Because most of Mary’s life was spent in the background of her glittering, ambitious family, not many actual records or letters that mention her exist, and only a couple of her own letters survive. Even the exact date of her birth is unknown, so that there has been been debate about whether Mary is the older or younger of the two sisters. (Weir makes a good case for older.)

Weir examines Mary’s life from as early as it is known and explores such subjects as whether she had an affair with the King of France (yes, probably a short one), whether she came from that with a ruined reputation, as has been alleged (no, but her family may have sent her away from court), whether she had an affair with Henry VIII (yes, but possibly reluctantly), whether she was then labeled a “famous whore” as has also been alleged (no, hardly anyone knew about it), whether she was married off to an unworthy but complaisant husband as a result (no, she married before the affair to William Carey, a wealthy and influential courtier who was one of Henry VIII’s trusted friends), and so on.

The picture Weir paints is of a woman who has repeatedly been smeared over the centuries. She certainly did not seem to be ambitious, like the rest of her family, because she got very little from her royal lovers. She was almost certainly also not well regarded by her family, probably because she had taken these lovers without gaining an advantage. After her first husband died, she eventually remarried for love, William Stafford, a relatively poor man much lower in status who was 12 years her junior. After she was cut off from her family and court as a result, she described the time of her widowhood as “bondage” and stated in a letter to Thomas Cromwell that no one in the world cared for her except Stafford.

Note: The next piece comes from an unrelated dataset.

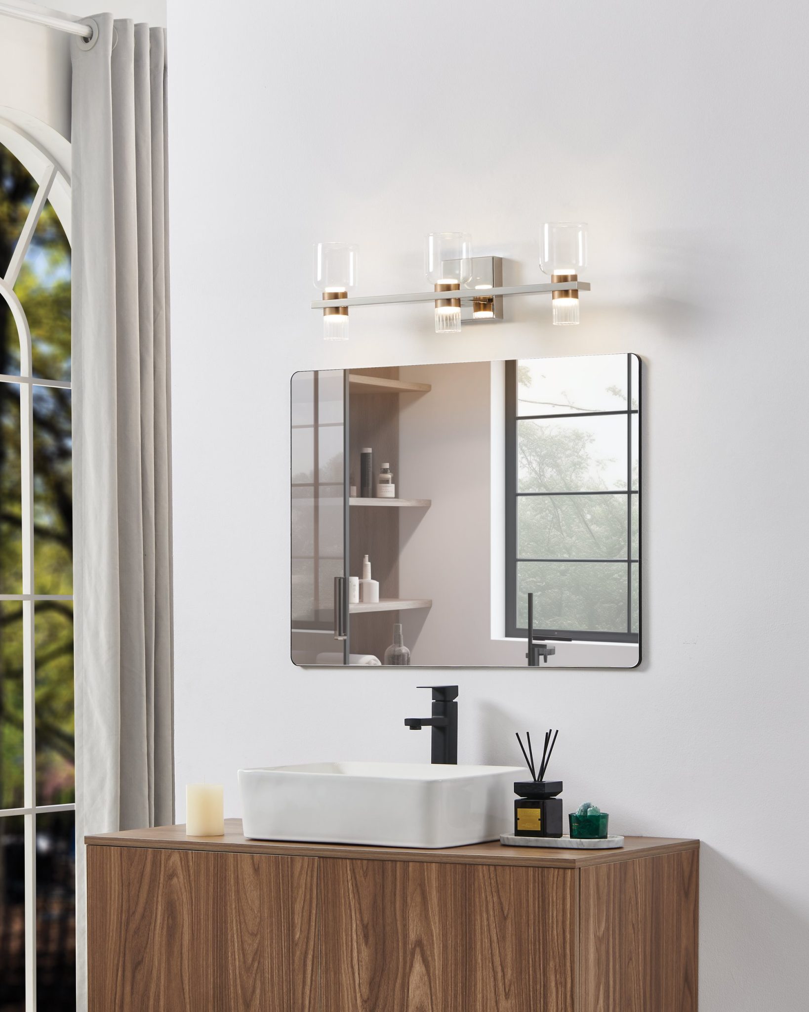 Découvrez Amelia murale de salle de bain DEL 5CCT 24 po à 6 lumières nickel poli et or champagne avec verre clair et clair nervuré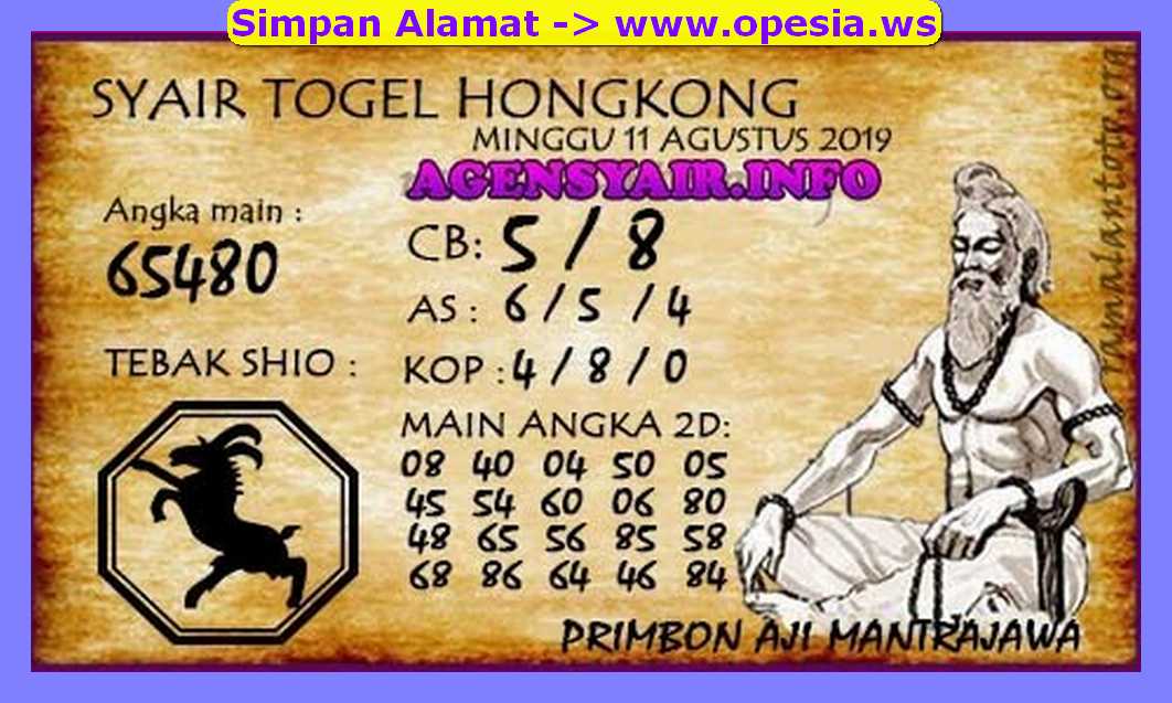Prediksi Angka Jitu Togel HK Hongkong Minggu 11 Agustus 2019

Mary seems to have been slighted by her family for much of her adult life and was finally exiled from them because of her second marriage. This separation may be the only reason she survived her sister and brother.

Weir makes a strong case for Mary’s first child, Katherine Carey, being the unacknowledged daughter of Henry VIII. An appendix relates what happened to Mary’s descendants. Weir remarks that Henry VIII’s line is believed to have died out with Elizabeth I, but assuming she is correct about Katherine’s birth, she provides a fascinating list of some of the famous British people who can trace their lineage back to Mary’s daugher—and so to Henry—including Winston Churchill, Charles Darwin, Lord Nelson, Vita Sackville-West, Ralph Vaughn Williams, Princess Diana, Camilla Parker-Bowles, and Queen Elizabeth II herself.